---------- Data for this exercise ----------

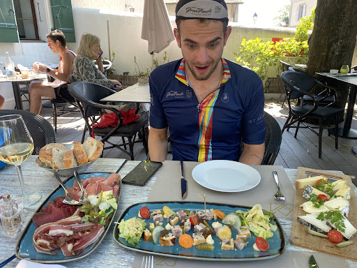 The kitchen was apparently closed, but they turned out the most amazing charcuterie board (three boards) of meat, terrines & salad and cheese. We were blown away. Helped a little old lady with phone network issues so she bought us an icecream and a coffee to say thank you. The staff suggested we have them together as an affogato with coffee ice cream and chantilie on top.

----------
---------- Data for this exercise ----------

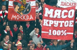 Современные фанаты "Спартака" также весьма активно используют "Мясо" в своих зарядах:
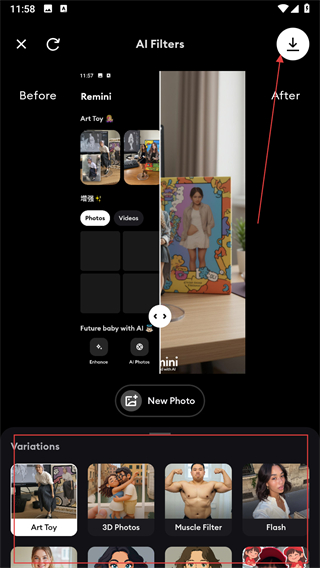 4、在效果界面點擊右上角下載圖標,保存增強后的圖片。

----------
---------- Data for this exercise ----------

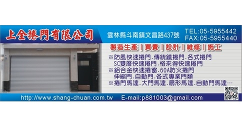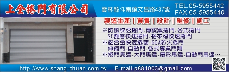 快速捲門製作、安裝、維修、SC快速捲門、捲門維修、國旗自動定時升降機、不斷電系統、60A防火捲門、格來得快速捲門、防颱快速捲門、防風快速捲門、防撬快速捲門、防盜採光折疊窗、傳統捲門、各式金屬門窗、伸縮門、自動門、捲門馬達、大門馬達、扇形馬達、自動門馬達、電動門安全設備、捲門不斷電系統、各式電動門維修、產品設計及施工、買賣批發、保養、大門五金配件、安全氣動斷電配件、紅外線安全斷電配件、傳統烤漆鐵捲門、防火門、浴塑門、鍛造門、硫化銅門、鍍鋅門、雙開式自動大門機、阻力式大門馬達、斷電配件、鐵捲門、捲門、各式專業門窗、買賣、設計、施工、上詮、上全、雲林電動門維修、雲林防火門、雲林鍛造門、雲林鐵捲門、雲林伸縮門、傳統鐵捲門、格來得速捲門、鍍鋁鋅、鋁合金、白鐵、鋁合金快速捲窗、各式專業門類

----------

- Exercise aim -
Look above for the line with "также весьма активно" and copy exactly from it through the line with "4、在效果界面點擊右上角下載圖標,保存增強后的圖片。", both included. Omit the pictures.

- Solution to the exercise -
 Современные фанаты "Спартака" также весьма активно используют "Мясо" в своих зарядах:
 4、在效果界面點擊右上角下載圖標,保存增強后的圖片。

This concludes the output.